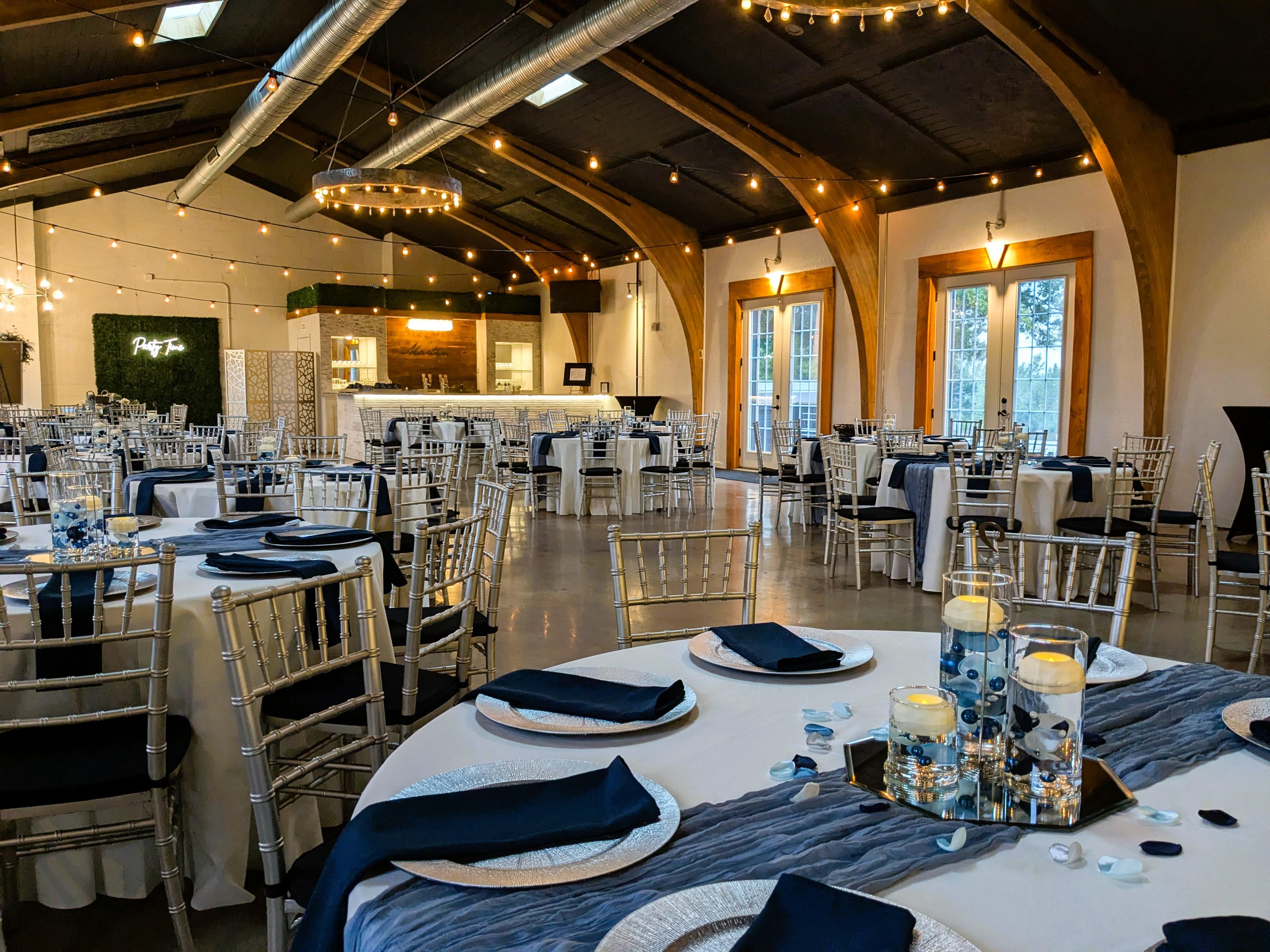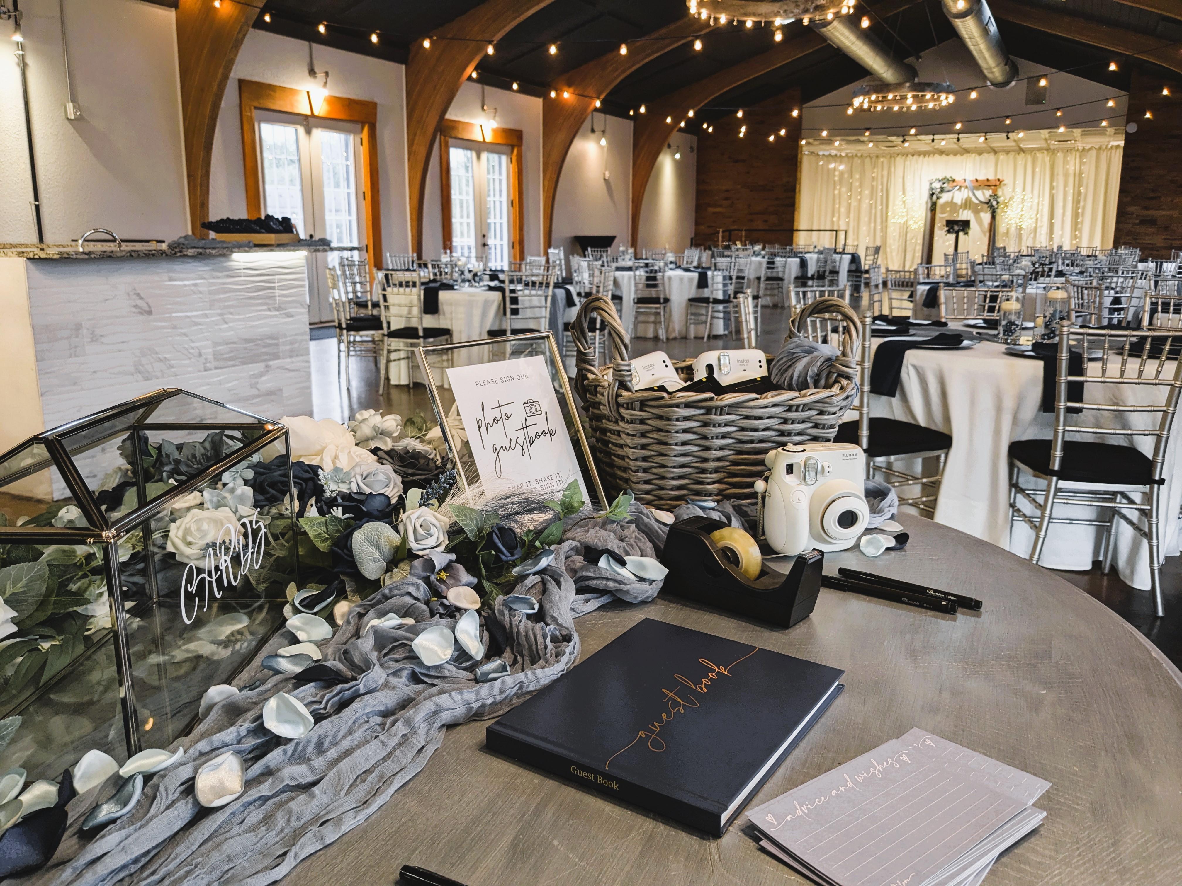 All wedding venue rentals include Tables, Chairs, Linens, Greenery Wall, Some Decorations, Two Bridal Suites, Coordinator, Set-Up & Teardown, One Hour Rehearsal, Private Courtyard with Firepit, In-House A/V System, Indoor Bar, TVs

* * *

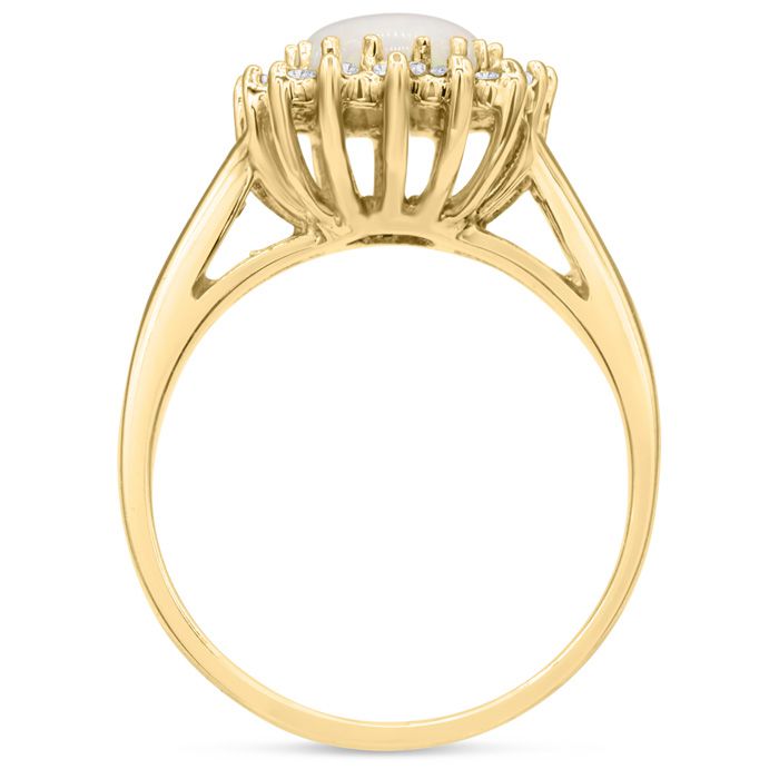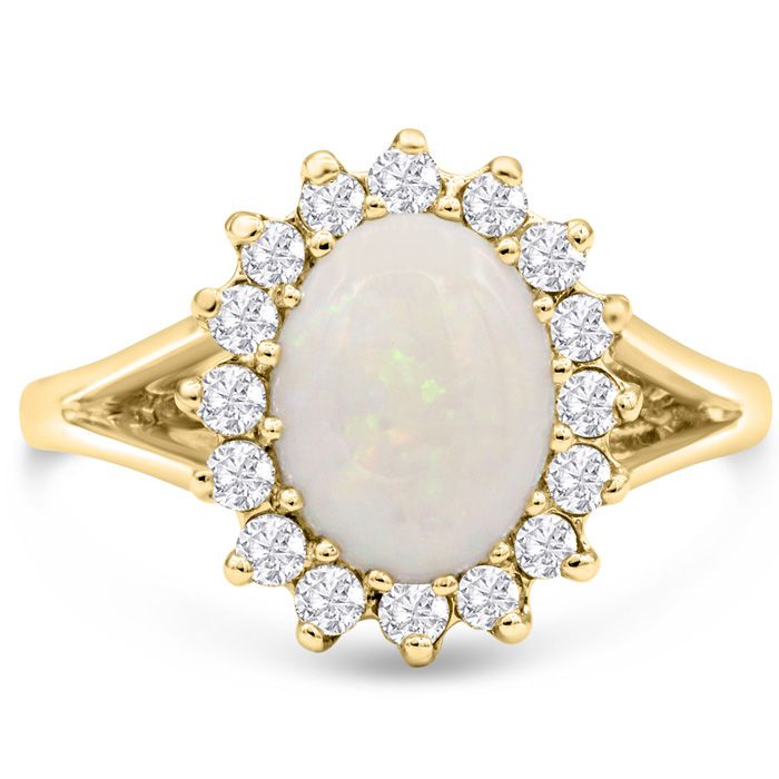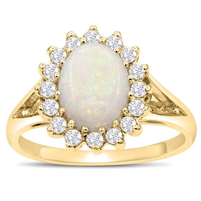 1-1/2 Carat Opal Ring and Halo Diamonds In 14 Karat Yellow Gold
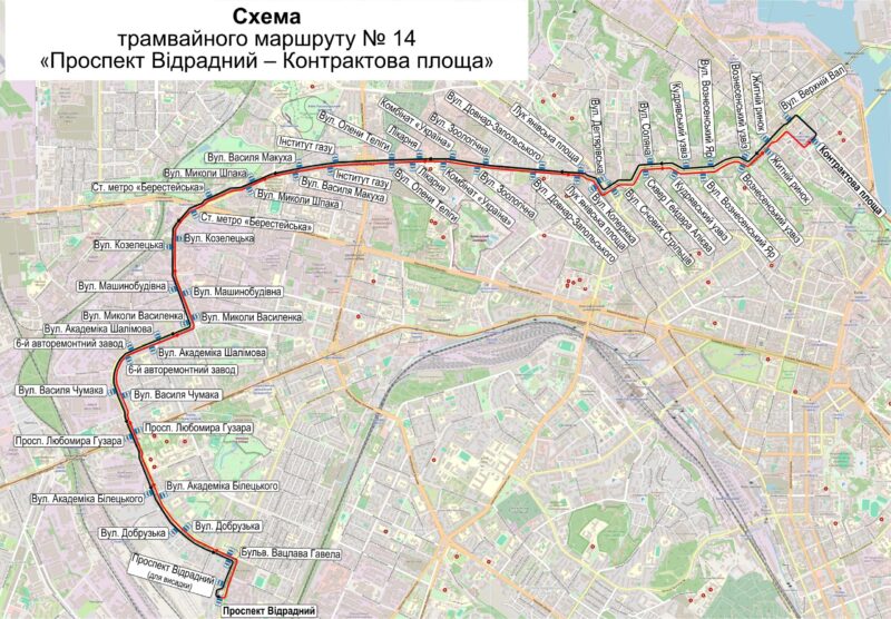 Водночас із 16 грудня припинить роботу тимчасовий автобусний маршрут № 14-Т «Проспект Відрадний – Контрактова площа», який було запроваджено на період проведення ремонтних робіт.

→ **Task prompt**: In the listing above, find the line containing "1-1/2 Carat Opal". Output it and every line after it up to and including the line containing "Водночас із 16", exactly, but skip the pictures.

→ **Output of the exercise**:
 1-1/2 Carat Opal Ring and Halo Diamonds In 14 Karat Yellow Gold
 Водночас із 16 грудня припинить роботу тимчасовий автобусний маршрут № 14-Т «Проспект Відрадний – Контрактова площа», який було запроваджено на період проведення ремонтних робіт.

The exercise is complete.